Bug #17757

Updated by Ward Vandewege 3 months ago

The default BootProbeCommand is

BootProbeCommand: "docker ps -q"

Our installation instructions at https://doc.arvados.org/v2.2/install/crunch2-cloud/install-compute-node.html suggest to use our `build.sh` script to create a compute node image. That image will have this cloud-init script:

# Copyright (C) The Arvados Authors. All rights reserved.
# SPDX-License-Identifier: Apache-2.0
- /bin/echo "cloudinit runcmd starting" | /usr/bin/logger
- /usr/local/bin/ensure-encrypted-partitions.sh
- /bin/echo "cloudinit runcmd ensure-encrypted-partitions.sh done" | /usr/bin/logger
- /bin/echo "cloudinit runcmd finished" | /usr/bin/logger
- /bin/touch /arvados-compute-node-boot.complete

The ensure-encrypted-partitions.sh script takes the attached scratch volumes, encrypts and mounts them, then stops docker and restarts it to make sure it uses the newly attached scratch volumes.

The build.sh script does not disable the docker service from starting.
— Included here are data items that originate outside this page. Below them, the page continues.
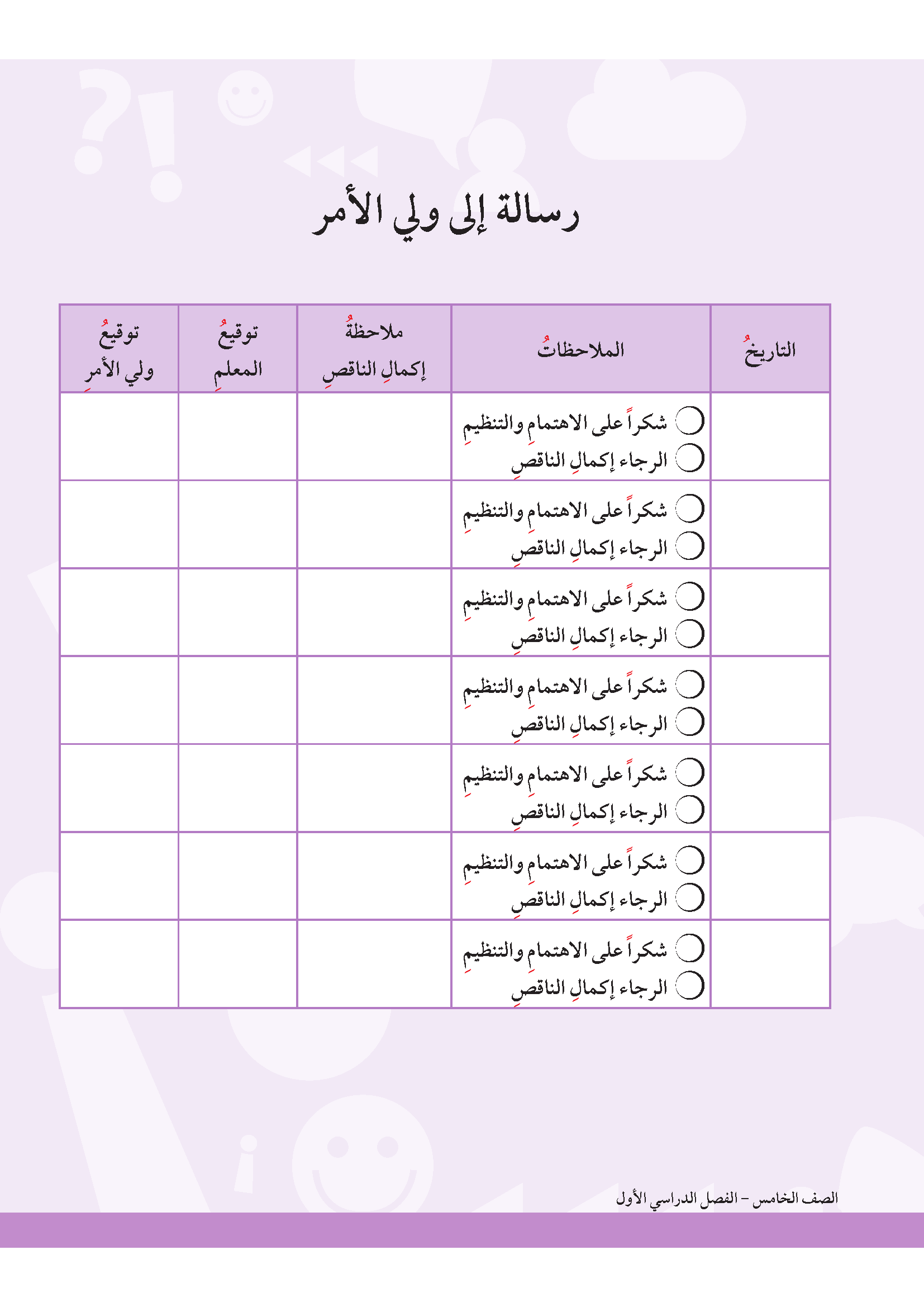 تقويم الوحدة الأولى
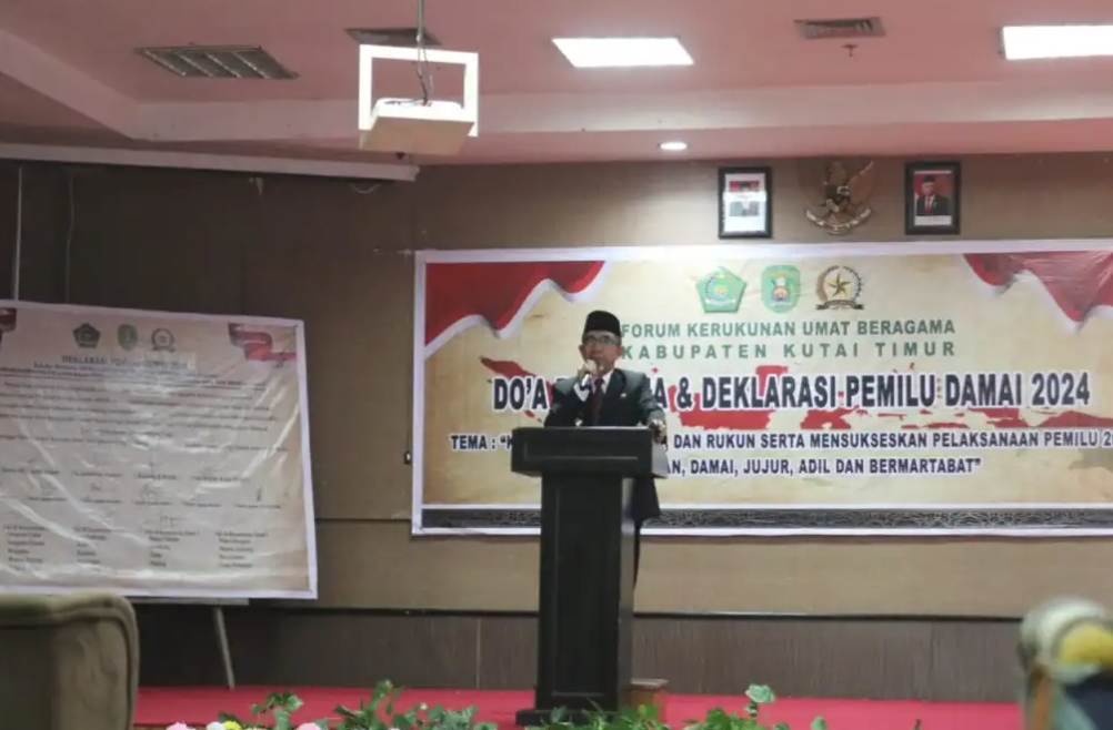 Lingkaranberita.com, SANGATTA – Bupati Kutai Timur (Kutim) Ardiansyah Sulaiman mengukuhkan Pengurus Forum Kerukunan Umat Beragama (FKUB) se- Kabupaten Kutim. Dalam kegiatan tersebut juga dirangkai dengan doa bersama dan deklarasi Pemilu Damai 2024. Kegiatan berlangsung di Ruang Pelangi Hotel Royal Victoria, Rabu (25/10/2023) pagi.
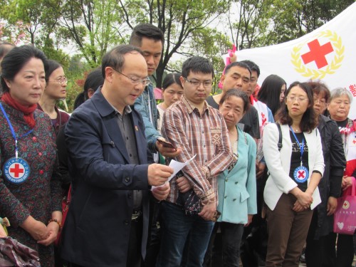 清明将至,为了追忆和祭奠为九江医学事业做出贡献的遗体捐献者,4月2日上午,基础医学院与九江市红十字会联合组织了清明祭奠活动。市红十字会常务副会长王娟等相关领导、遗体捐献者家属、遗体捐献志愿者、红十字会志愿者、基础医学院师生代表及媒体记者等百余人来到贺嘉山遗体捐献纪念碑前,共同祭奠和追思九江市的33位遗体捐献者。
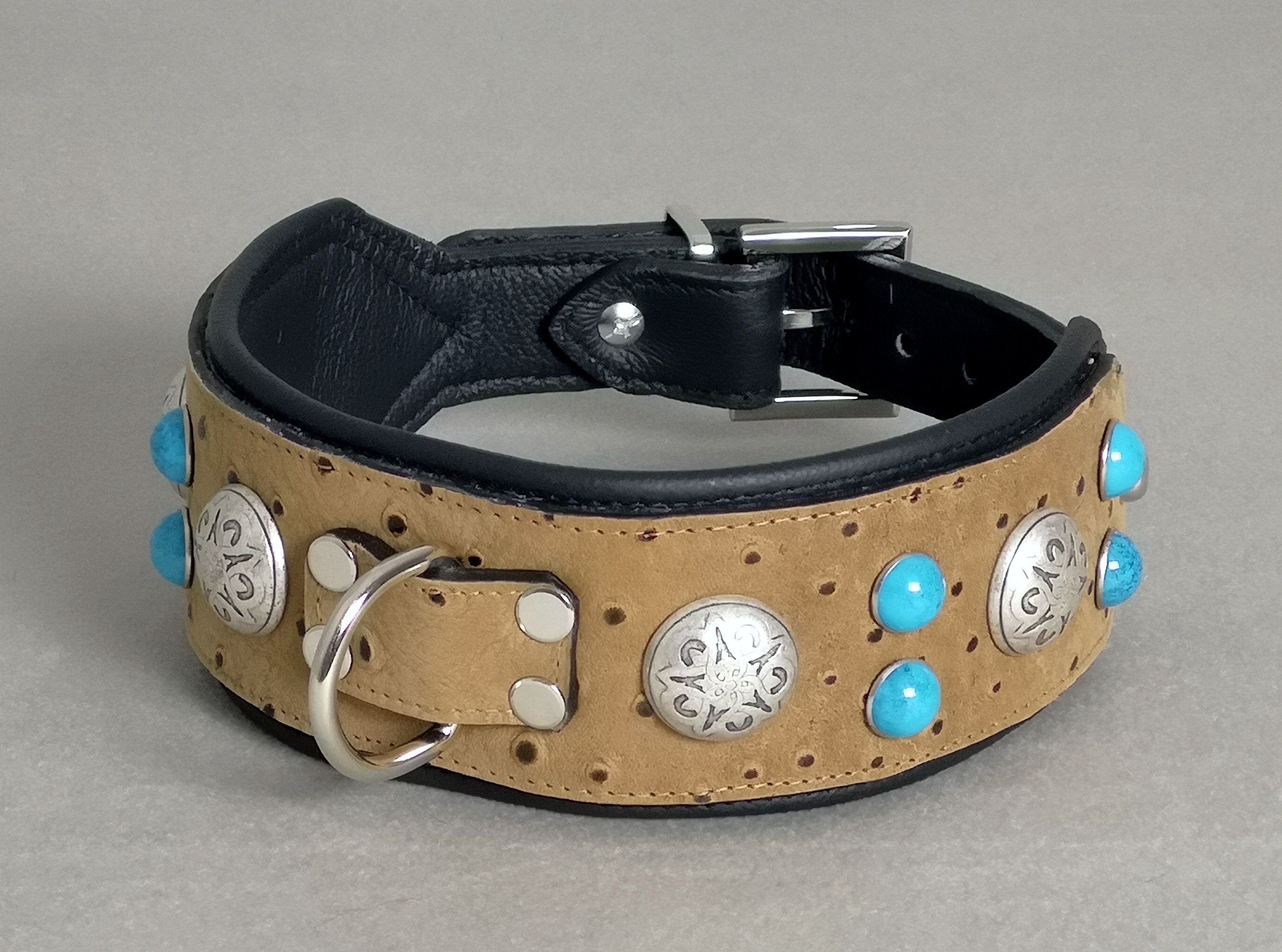 Hochwertiges Rindsleder. Nebelgrau mit Kroko-Prägung. Aus Italien. Innen schwarzes Rindsleder. Antique-Nieten mit  Türkis-Steinen aus Metall und Kunststoff. Schnallen und Ösen silberfarbig. 7 Löcher im Riemen.

There's a race condition here, particularly when the attached scratch space is large, and the docker image to be loaded for a workflow step is small. Here's an example of what can happen:

2021-06-04T13:38:37.720560086Z crunch-run 2.1.2 (go1.13.4) started
2021-06-04T13:38:37.720608151Z Executing container 'XXXXX-YYYYY-frdkk54nkyfvj6t'
2021-06-04T13:38:37.720620649Z Executing on host 'ip-172-31-8-234'
2021-06-04T13:38:37.871064526Z Fetching Docker image from collection 'fa39675198e1beb683f02cdc1aca75f2+261'
2021-06-04T13:38:37.897990135Z Using Docker image id 'sha256:361f55a39518e271a49368671e32ac2f17a447ddd72c56aef675a29aff7350bf'
2021-06-04T13:38:37.916400168Z Loading Docker image from keep
2021-06-04T13:38:37.871204475Z notice: reading stats from /sys/fs/cgroup/cpuacct/cgroup.procs
2021-06-04T13:38:37.871246154Z notice: reading stats from /sys/fs/cgroup/memory/memory.stat
2021-06-04T13:38:37.871462157Z mem 810102784 cache 0 swap 1815 pgmajfault 200908800 rss
2021-06-04T13:38:37.871498468Z notice: reading stats from /sys/fs/cgroup/cpuacct/cpuacct.stat
2021-06-04T13:38:37.871566828Z notice: reading stats from /sys/fs/cgroup/cpuset/cpuset.cpus
2021-06-04T13:38:37.871604624Z cpu 13.0700 user 12.5800 sys 2 cpus
2021-06-04T13:38:37.871804598Z net:docker0 0 tx 0 rx
2021-06-04T13:38:37.871811980Z net:ens5 295569 tx 95783318 rx
2021-06-04T13:38:44.096959603Z error in Run: While loading container image: While loading container image into Docker: error during connect: Post http://%2Fvar%2Frun%2Fdocker.sock/v1.21/images/load?quiet=1: EOF
2021-06-04T13:38:44.127642455Z error in CaptureOutput: error scanning files to copy to output: open .arvados#collection: no such file or directory
2021-06-04T13:38:44.127687005Z Cancelled
2021-06-04T13:38:44.740122288Z crunch-run finished

This failure is pretty harmless; the container will get retried.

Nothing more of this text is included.